▶ [Work instructions]
In the entries below, find the line with "영국 BBC 등 해외" and the line with "Avec sa victoire". Repeat exactly everything between them, those two lines included, but not the pictures.

▶ [Source material]

------------------------------

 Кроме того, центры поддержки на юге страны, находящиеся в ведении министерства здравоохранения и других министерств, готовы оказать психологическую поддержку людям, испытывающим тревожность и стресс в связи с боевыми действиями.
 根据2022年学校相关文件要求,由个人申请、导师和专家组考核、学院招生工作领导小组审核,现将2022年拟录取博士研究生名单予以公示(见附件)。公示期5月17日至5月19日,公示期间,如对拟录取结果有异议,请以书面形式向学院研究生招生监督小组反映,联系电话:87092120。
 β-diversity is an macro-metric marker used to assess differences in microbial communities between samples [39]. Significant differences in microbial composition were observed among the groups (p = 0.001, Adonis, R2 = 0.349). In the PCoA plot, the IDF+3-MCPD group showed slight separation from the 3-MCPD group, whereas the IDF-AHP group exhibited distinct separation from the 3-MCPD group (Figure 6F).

------------------------------

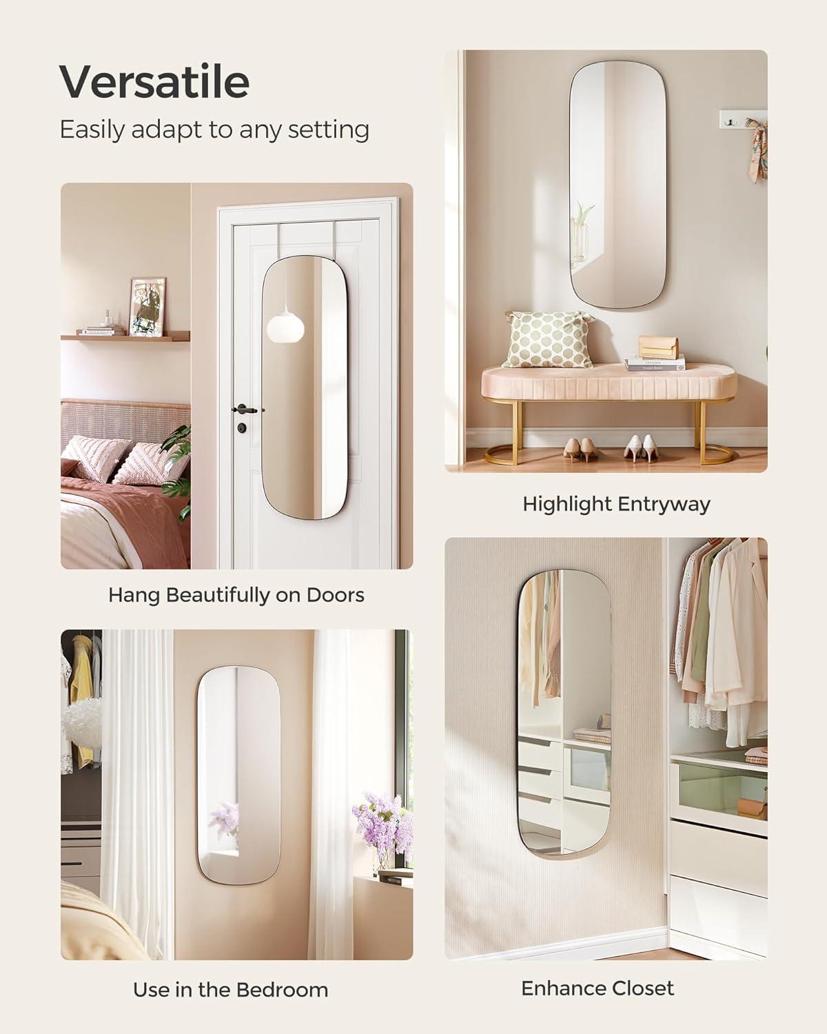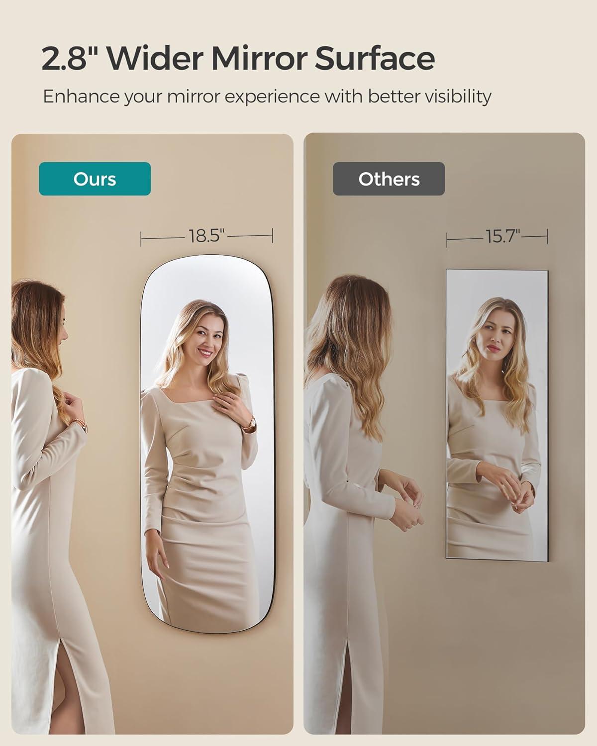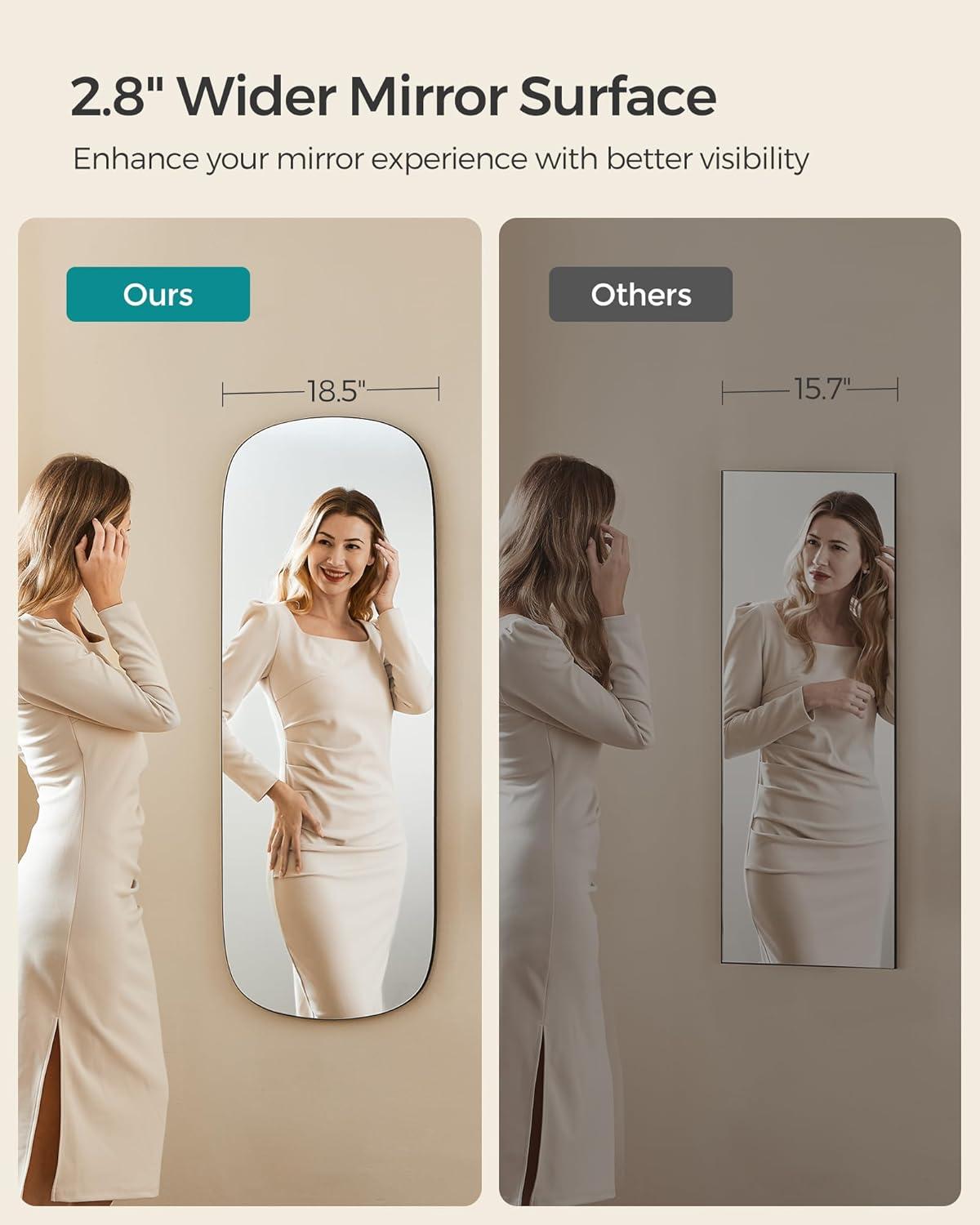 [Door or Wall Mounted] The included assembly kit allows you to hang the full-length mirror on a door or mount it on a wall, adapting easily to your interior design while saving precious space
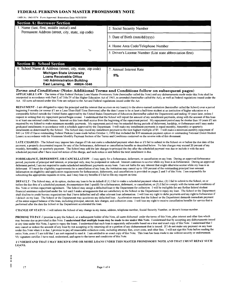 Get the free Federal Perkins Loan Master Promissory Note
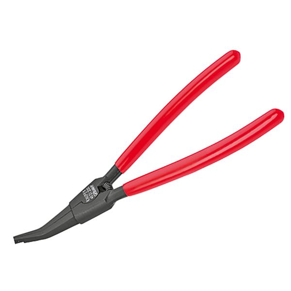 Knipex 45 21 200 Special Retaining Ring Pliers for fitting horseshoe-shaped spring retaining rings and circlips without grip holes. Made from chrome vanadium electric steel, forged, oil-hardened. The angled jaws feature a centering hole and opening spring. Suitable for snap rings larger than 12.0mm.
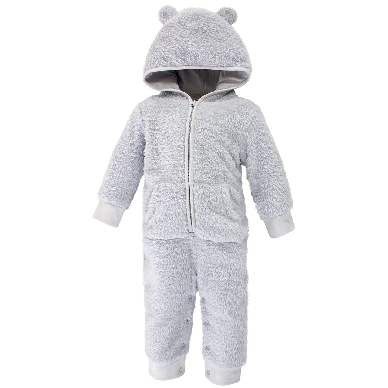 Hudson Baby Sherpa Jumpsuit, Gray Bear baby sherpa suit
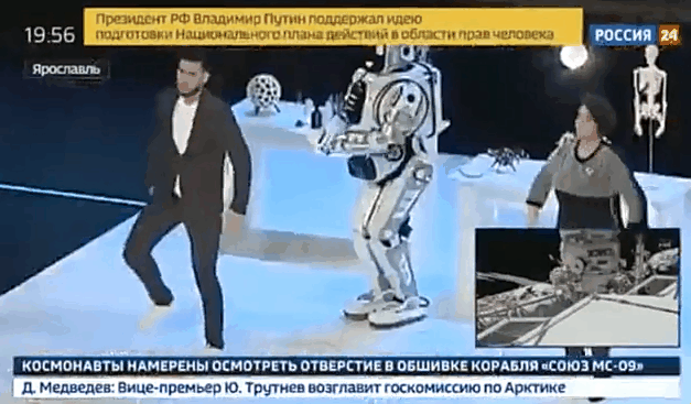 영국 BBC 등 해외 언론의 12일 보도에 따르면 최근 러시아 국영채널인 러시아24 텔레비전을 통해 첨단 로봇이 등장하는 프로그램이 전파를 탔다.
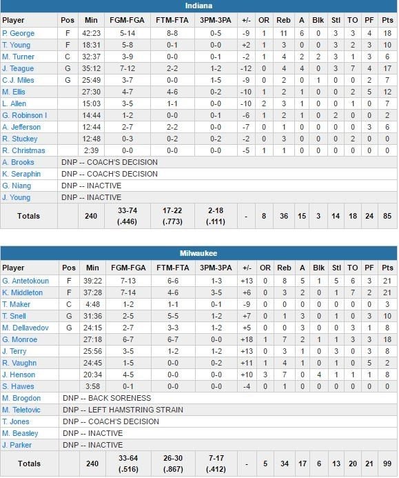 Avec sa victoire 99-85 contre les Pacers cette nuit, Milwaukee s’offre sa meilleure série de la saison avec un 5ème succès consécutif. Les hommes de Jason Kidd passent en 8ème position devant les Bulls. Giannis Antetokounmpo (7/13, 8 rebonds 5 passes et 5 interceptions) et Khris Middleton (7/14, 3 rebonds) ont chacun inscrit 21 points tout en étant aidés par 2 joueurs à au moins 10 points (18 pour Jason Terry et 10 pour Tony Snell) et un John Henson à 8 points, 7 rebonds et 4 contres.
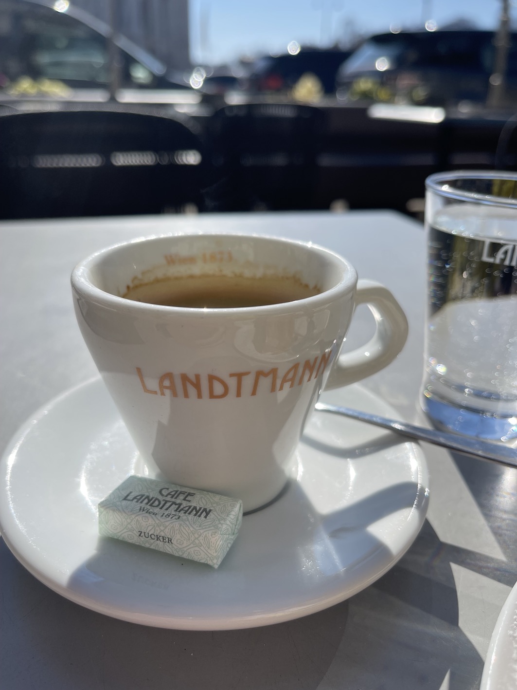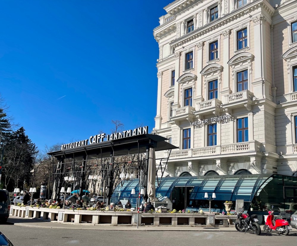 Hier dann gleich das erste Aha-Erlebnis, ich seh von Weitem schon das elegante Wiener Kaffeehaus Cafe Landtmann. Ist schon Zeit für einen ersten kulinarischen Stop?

------------------------------

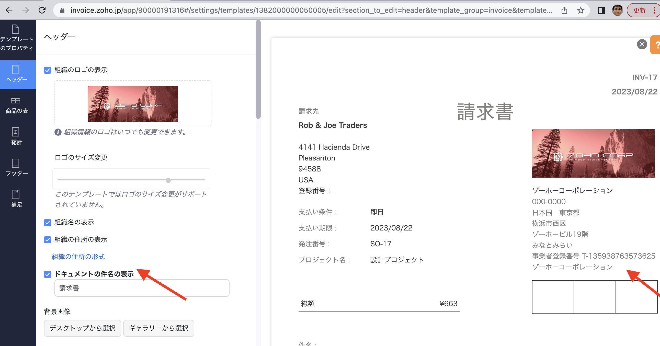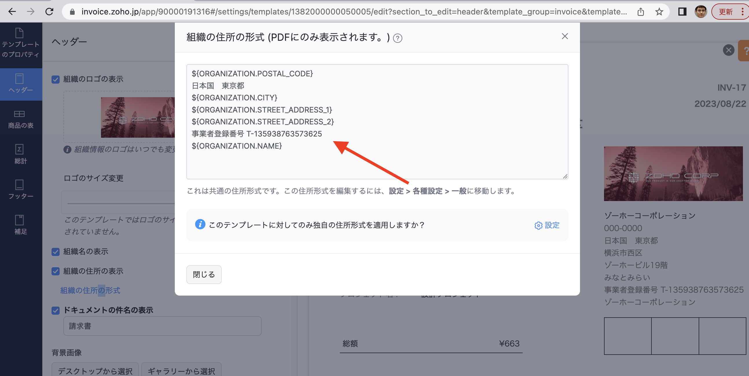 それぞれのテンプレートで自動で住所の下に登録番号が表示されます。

------------------------------

▶ [Exercise answer]
 영국 BBC 등 해외 언론의 12일 보도에 따르면 최근 러시아 국영채널인 러시아24 텔레비전을 통해 첨단 로봇이 등장하는 프로그램이 전파를 탔다.
 Avec sa victoire 99-85 contre les Pacers cette nuit, Milwaukee s’offre sa meilleure série de la saison avec un 5ème succès consécutif. Les hommes de Jason Kidd passent en 8ème position devant les Bulls. Giannis Antetokounmpo (7/13, 8 rebonds 5 passes et 5 interceptions) et Khris Middleton (7/14, 3 rebonds) ont chacun inscrit 21 points tout en étant aidés par 2 joueurs à au moins 10 points (18 pour Jason Terry et 10 pour Tony Snell) et un John Henson à 8 points, 7 rebonds et 4 contres.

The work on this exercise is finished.